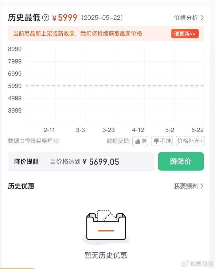 而唯一的这款比价APP,识别出结果之后,显示的也都是商品的原价。可另一端的直播间里,一会儿又是平台券,一会儿又是国家补贴券,减来减去之后,早就不是原先的价格了。记者分两天在同一家售卖学习机的直播间看到,前一天因为有各种补贴的存在,原价5999的学习机降价到了4999元,而第二天因为缺少了一张平台券,产品价格回升到了5499元。但在比价平台,这两天包括之前几个月的产品价格曲线没有丝毫波动,一直都维持在5999的原价上。下方的“历史优惠”一栏,也没有任何显示。
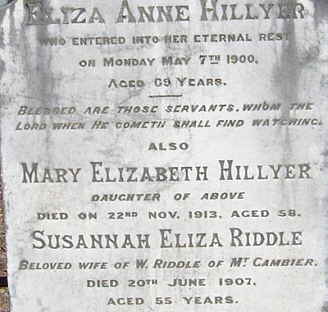 Below are SOME of the headstones of the McLaren Vale Congregational Church Cemetery. In an attempt to save as much space as possible and increase the speed of downloading, only part of the stone is displayed. Flinders Ranges Research has a full photograph of each of these, and many others as well.
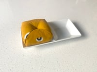 This handmade pretty pincushion is a sewing room essential. The porcelain base helps it to stay put and not roll around while you're trying to use it. The well on the side is also perfect for holding buttons or other little notions that you may need for a project. And I mean.....it's just so cute, don't you think? ^_~
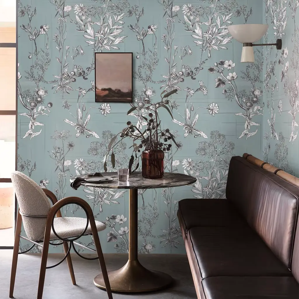 Eco-friendly wallpaper made of 100% ecological paper, painted with vegan water-based inks, and free of chemicals. Designed and printed in Italy, it's easy to apply and remove with hot water. Featuring hand-drawn wildflowers like daisies, poppies, and tulips in soft monochromatic shades, it brings Boho charm to any room, ideal for creating a fresh, feminine update or playful decor. Each pack includes 8 sheets. Each sheet measures 27.5x39.4 inches/70x100 cm, covering a total area of 5 MQ.
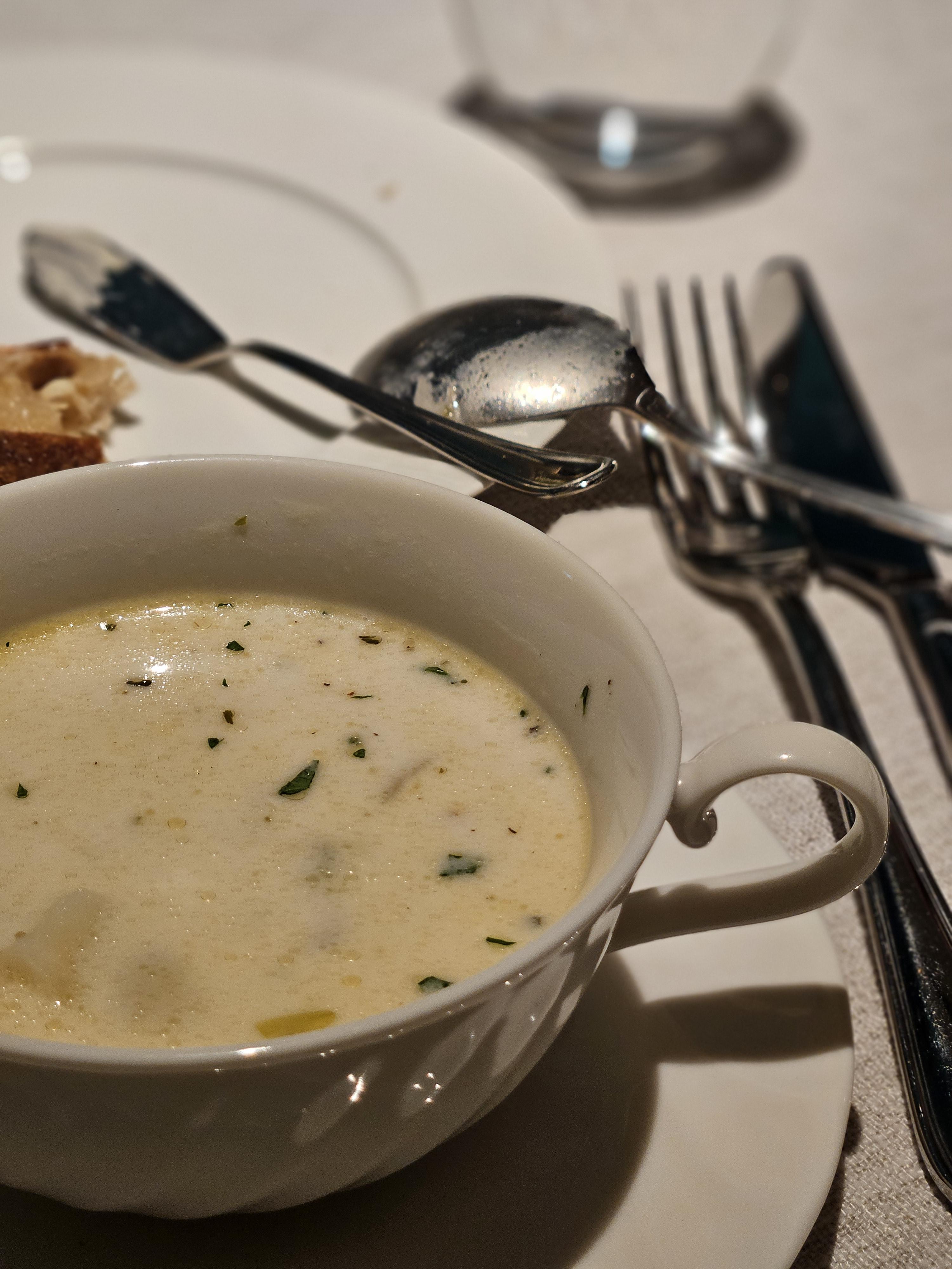 식전빵은 다소 딱딱한 식감으로 겉바속촉의 식전빵을 선호하는 제게는 조금 아쉬운 느낌이였지만, 씹을 수록 고소한 맛이 있어서 나쁘지는 않았습니다. 크램 스프는 내용물이 많이 들어 있었고 크리미 걸쭉한 식감이 아니라 국물처럼 호로록 먹을 수 있는 스프였습니다. 전 스프를 워낙 좋아해서 아주 맛있게 먹었습니다.

Your instructions: Give the complete material again, exactly as written. Do not include the pictures.

Completed exercise:
 而唯一的这款比价APP,识别出结果之后,显示的也都是商品的原价。可另一端的直播间里,一会儿又是平台券,一会儿又是国家补贴券,减来减去之后,早就不是原先的价格了。记者分两天在同一家售卖学习机的直播间看到,前一天因为有各种补贴的存在,原价5999的学习机降价到了4999元,而第二天因为缺少了一张平台券,产品价格回升到了5499元。但在比价平台,这两天包括之前几个月的产品价格曲线没有丝毫波动,一直都维持在5999的原价上。下方的“历史优惠”一栏,也没有任何显示。
 Below are SOME of the headstones of the McLaren Vale Congregational Church Cemetery. In an attempt to save as much space as possible and increase the speed of downloading, only part of the stone is displayed. Flinders Ranges Research has a full photograph of each of these, and many others as well.
 This handmade pretty pincushion is a sewing room essential. The porcelain base helps it to stay put and not roll around while you're trying to use it. The well on the side is also perfect for holding buttons or other little notions that you may need for a project. And I mean.....it's just so cute, don't you think? ^_~
 Eco-friendly wallpaper made of 100% ecological paper, painted with vegan water-based inks, and free of chemicals. Designed and printed in Italy, it's easy to apply and remove with hot water. Featuring hand-drawn wildflowers like daisies, poppies, and tulips in soft monochromatic shades, it brings Boho charm to any room, ideal for creating a fresh, feminine update or playful decor. Each pack includes 8 sheets. Each sheet measures 27.5x39.4 inches/70x100 cm, covering a total area of 5 MQ.
 식전빵은 다소 딱딱한 식감으로 겉바속촉의 식전빵을 선호하는 제게는 조금 아쉬운 느낌이였지만, 씹을 수록 고소한 맛이 있어서 나쁘지는 않았습니다. 크램 스프는 내용물이 많이 들어 있었고 크리미 걸쭉한 식감이 아니라 국물처럼 호로록 먹을 수 있는 스프였습니다. 전 스프를 워낙 좋아해서 아주 맛있게 먹었습니다.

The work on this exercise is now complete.